[Study material]:
Content starts

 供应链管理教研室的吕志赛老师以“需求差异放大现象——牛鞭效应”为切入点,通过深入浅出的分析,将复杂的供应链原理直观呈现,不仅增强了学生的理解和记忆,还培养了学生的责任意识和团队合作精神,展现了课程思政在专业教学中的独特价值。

Content ends
Content starts

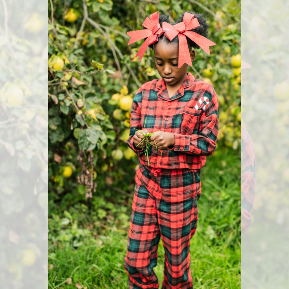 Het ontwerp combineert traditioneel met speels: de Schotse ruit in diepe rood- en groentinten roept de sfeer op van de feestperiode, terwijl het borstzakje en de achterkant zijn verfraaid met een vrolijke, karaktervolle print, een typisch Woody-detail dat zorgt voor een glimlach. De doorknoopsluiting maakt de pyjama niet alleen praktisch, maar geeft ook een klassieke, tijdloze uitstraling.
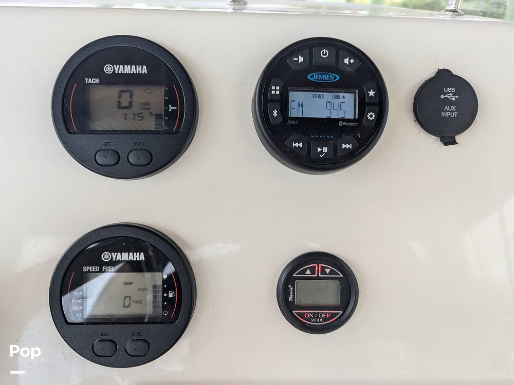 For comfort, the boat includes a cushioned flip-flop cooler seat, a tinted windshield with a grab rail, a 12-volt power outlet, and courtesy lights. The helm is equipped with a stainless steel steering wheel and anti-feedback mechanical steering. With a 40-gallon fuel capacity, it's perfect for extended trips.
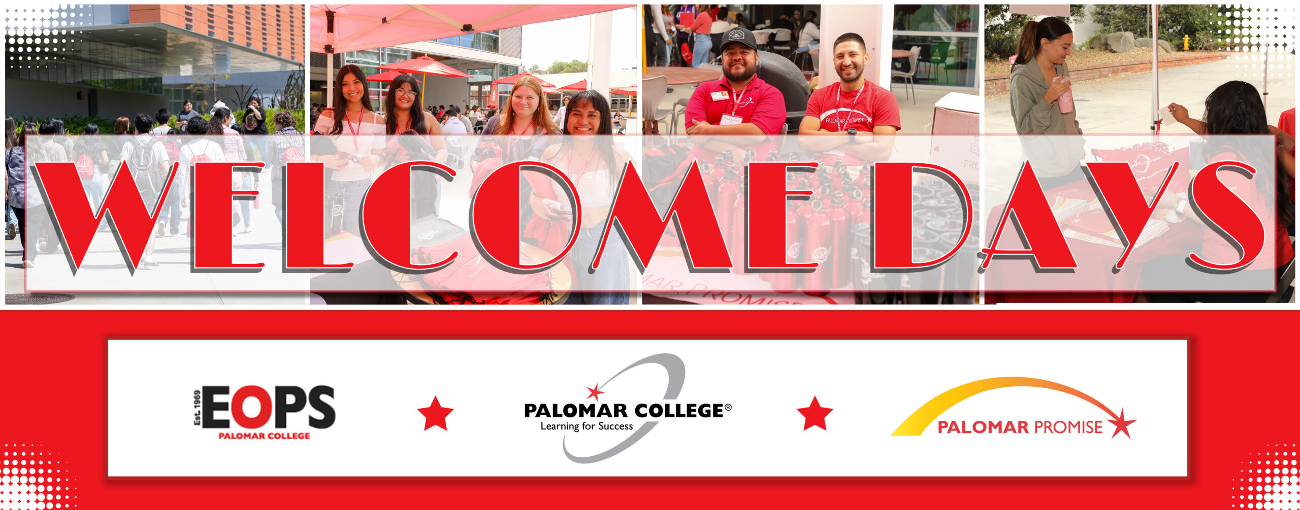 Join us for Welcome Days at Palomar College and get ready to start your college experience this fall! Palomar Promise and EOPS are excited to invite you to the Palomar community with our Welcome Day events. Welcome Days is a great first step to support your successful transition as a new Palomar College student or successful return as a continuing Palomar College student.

Content ends

[Work to be completed]: Within the listing above, the stretch from the line with "For comfort, the" down to the line with "Join us for" is to be given again exactly, end lines included and pictures excluded.

[Answer for this exercise]:
 For comfort, the boat includes a cushioned flip-flop cooler seat, a tinted windshield with a grab rail, a 12-volt power outlet, and courtesy lights. The helm is equipped with a stainless steel steering wheel and anti-feedback mechanical steering. With a 40-gallon fuel capacity, it's perfect for extended trips.
 Join us for Welcome Days at Palomar College and get ready to start your college experience this fall! Palomar Promise and EOPS are excited to invite you to the Palomar community with our Welcome Day events. Welcome Days is a great first step to support your successful transition as a new Palomar College student or successful return as a continuing Palomar College student.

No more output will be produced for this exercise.